→ DATA FOR THIS EXERCISE:
━━━━━━━━━━

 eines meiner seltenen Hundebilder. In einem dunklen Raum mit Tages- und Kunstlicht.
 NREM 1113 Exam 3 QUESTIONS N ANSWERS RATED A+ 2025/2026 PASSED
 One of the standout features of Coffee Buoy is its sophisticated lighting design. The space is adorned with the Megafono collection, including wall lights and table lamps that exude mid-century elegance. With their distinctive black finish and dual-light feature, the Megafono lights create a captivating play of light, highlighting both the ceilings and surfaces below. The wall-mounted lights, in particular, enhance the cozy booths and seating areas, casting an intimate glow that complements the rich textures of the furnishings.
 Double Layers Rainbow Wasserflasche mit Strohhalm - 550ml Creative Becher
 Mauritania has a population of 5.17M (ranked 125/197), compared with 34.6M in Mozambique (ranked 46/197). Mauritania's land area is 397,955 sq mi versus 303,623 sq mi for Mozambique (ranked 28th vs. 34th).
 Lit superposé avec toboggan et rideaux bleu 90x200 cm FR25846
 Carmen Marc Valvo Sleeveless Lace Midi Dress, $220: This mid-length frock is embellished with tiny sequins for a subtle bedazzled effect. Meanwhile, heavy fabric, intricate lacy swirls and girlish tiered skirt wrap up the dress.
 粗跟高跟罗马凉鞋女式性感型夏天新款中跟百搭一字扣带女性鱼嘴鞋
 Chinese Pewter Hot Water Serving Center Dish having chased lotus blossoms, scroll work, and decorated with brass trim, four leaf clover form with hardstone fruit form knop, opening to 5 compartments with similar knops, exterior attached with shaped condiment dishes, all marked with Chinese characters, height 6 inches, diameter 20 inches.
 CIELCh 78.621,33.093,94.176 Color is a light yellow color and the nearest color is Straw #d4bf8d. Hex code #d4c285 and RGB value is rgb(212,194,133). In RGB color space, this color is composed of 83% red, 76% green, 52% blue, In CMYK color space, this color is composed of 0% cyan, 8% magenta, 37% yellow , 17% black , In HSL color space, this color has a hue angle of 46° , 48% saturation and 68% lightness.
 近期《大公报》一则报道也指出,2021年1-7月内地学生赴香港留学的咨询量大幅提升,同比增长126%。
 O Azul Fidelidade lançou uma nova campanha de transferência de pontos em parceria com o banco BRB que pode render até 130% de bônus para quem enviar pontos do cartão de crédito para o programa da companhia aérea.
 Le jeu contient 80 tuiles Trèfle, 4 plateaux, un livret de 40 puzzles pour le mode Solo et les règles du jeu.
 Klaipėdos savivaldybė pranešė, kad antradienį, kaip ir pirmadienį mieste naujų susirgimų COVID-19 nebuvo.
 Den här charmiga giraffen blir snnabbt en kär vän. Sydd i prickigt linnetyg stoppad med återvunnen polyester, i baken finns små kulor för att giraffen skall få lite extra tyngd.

━━━━━━━━━━

Your task is to copy exactly, and only, the lines from the line with "Carmen Marc Valvo" through the last line of the entries, both included.

 Carmen Marc Valvo Sleeveless Lace Midi Dress, $220: This mid-length frock is embellished with tiny sequins for a subtle bedazzled effect. Meanwhile, heavy fabric, intricate lacy swirls and girlish tiered skirt wrap up the dress.
 粗跟高跟罗马凉鞋女式性感型夏天新款中跟百搭一字扣带女性鱼嘴鞋
 Chinese Pewter Hot Water Serving Center Dish having chased lotus blossoms, scroll work, and decorated with brass trim, four leaf clover form with hardstone fruit form knop, opening to 5 compartments with similar knops, exterior attached with shaped condiment dishes, all marked with Chinese characters, height 6 inches, diameter 20 inches.
 CIELCh 78.621,33.093,94.176 Color is a light yellow color and the nearest color is Straw #d4bf8d. Hex code #d4c285 and RGB value is rgb(212,194,133). In RGB color space, this color is composed of 83% red, 76% green, 52% blue, In CMYK color space, this color is composed of 0% cyan, 8% magenta, 37% yellow , 17% black , In HSL color space, this color has a hue angle of 46° , 48% saturation and 68% lightness.
 近期《大公报》一则报道也指出,2021年1-7月内地学生赴香港留学的咨询量大幅提升,同比增长126%。
 O Azul Fidelidade lançou uma nova campanha de transferência de pontos em parceria com o banco BRB que pode render até 130% de bônus para quem enviar pontos do cartão de crédito para o programa da companhia aérea.
 Le jeu contient 80 tuiles Trèfle, 4 plateaux, un livret de 40 puzzles pour le mode Solo et les règles du jeu.
 Klaipėdos savivaldybė pranešė, kad antradienį, kaip ir pirmadienį mieste naujų susirgimų COVID-19 nebuvo.
 Den här charmiga giraffen blir snnabbt en kär vän. Sydd i prickigt linnetyg stoppad med återvunnen polyester, i baken finns små kulor för att giraffen skall få lite extra tyngd.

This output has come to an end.